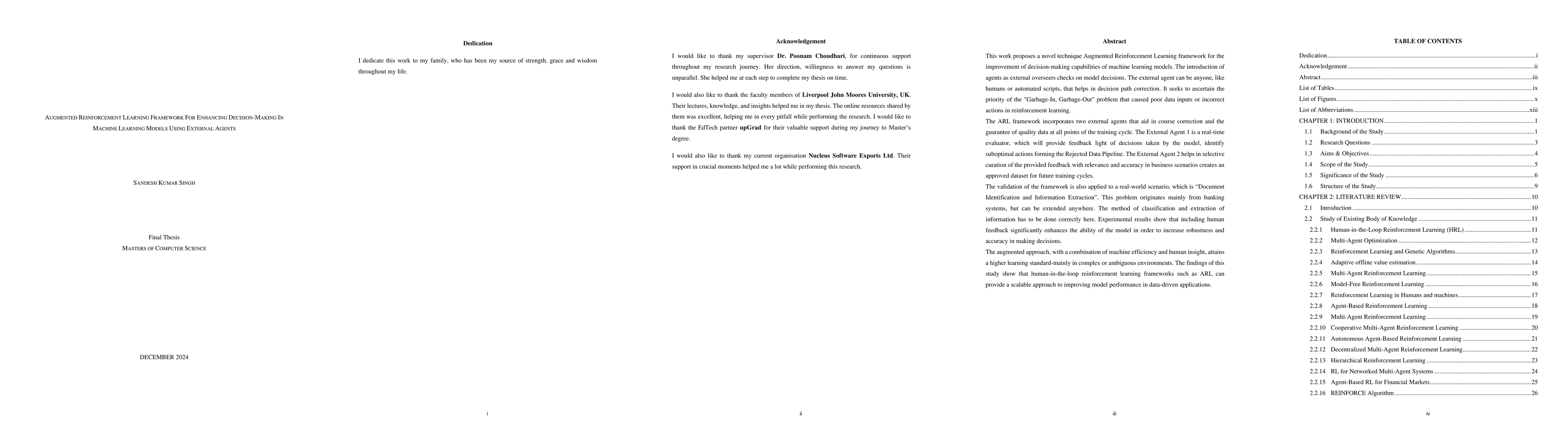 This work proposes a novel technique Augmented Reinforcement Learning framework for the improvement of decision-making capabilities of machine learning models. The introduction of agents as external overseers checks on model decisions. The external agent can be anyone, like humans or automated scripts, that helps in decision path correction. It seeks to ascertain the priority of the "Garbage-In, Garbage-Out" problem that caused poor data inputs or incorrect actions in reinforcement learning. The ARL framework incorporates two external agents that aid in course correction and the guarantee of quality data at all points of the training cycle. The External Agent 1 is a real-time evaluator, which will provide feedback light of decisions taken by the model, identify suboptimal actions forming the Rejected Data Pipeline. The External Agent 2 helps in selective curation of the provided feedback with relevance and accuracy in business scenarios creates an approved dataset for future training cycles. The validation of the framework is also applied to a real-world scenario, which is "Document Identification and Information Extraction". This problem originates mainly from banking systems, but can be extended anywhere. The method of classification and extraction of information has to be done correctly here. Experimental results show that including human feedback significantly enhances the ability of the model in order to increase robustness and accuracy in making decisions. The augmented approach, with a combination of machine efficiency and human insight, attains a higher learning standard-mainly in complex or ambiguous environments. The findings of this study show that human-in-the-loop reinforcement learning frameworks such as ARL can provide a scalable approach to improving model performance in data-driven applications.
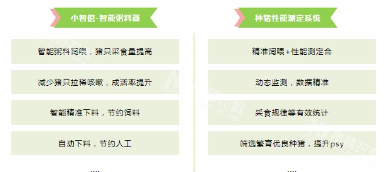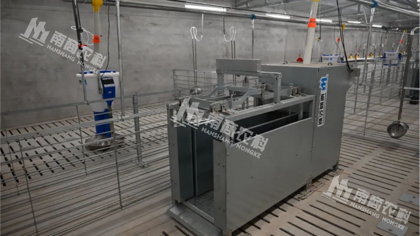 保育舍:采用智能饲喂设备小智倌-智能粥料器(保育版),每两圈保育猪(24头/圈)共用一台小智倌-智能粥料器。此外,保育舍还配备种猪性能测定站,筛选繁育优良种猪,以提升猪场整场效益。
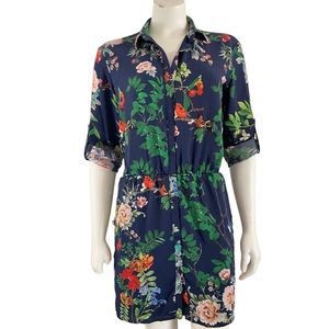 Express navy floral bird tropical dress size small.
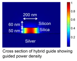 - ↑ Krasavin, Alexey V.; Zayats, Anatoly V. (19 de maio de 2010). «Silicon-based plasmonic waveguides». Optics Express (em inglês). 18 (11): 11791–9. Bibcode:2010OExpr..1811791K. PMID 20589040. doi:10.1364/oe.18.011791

Required work:
Your answer should hold only the lines from the one with "Express navy floral" through the final line of the listing above, transcribed exactly and without pictures.

Output:
 Express navy floral bird tropical dress size small.
 - ↑ Krasavin, Alexey V.; Zayats, Anatoly V. (19 de maio de 2010). «Silicon-based plasmonic waveguides». Optics Express (em inglês). 18 (11): 11791–9. Bibcode:2010OExpr..1811791K. PMID 20589040. doi:10.1364/oe.18.011791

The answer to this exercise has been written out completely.